→ Stored data:
————————
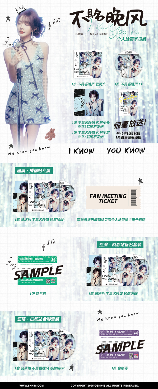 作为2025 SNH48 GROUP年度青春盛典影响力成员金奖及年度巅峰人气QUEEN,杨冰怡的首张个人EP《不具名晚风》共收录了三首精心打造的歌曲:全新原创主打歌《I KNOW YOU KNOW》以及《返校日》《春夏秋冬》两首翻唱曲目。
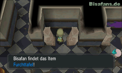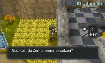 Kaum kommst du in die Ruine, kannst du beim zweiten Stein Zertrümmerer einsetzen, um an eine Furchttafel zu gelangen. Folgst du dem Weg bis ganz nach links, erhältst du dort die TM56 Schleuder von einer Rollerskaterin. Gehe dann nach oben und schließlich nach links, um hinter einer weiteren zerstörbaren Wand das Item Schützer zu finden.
————————
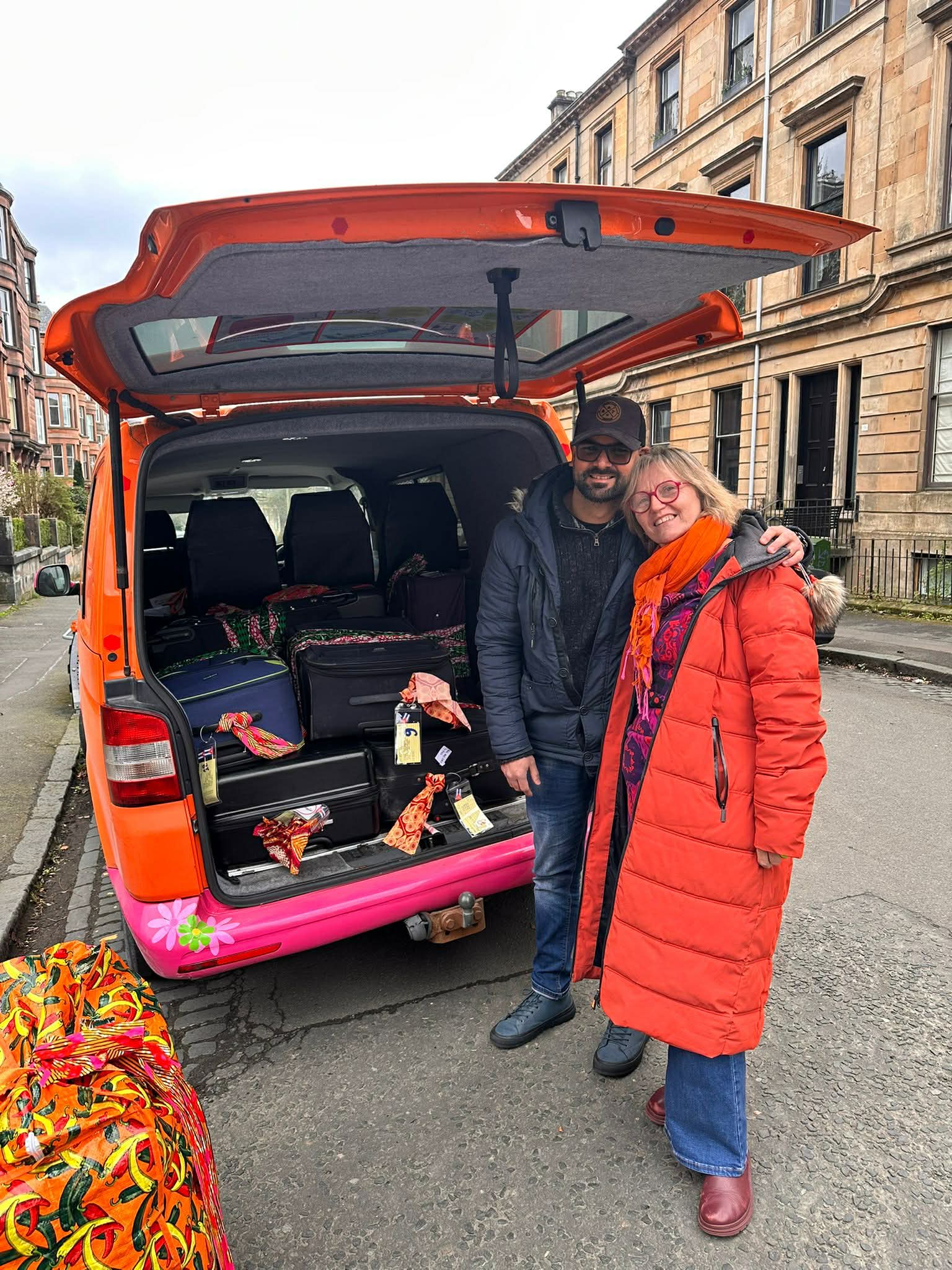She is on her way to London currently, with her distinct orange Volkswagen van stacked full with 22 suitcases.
————————
→ Task goal: Using the listing above, repeat word for word each line from the one with "KNOW YOU KNOW》以及《返校日》《春夏秋冬》两首翻唱曲目。" down to the one with "Kaum kommst du", both included. Omit all pictures.

→ Reply to the task:
 作为2025 SNH48 GROUP年度青春盛典影响力成员金奖及年度巅峰人气QUEEN,杨冰怡的首张个人EP《不具名晚风》共收录了三首精心打造的歌曲:全新原创主打歌《I KNOW YOU KNOW》以及《返校日》《春夏秋冬》两首翻唱曲目。
 Kaum kommst du in die Ruine, kannst du beim zweiten Stein Zertrümmerer einsetzen, um an eine Furchttafel zu gelangen. Folgst du dem Weg bis ganz nach links, erhältst du dort die TM56 Schleuder von einer Rollerskaterin. Gehe dann nach oben und schließlich nach links, um hinter einer weiteren zerstörbaren Wand das Item Schützer zu finden.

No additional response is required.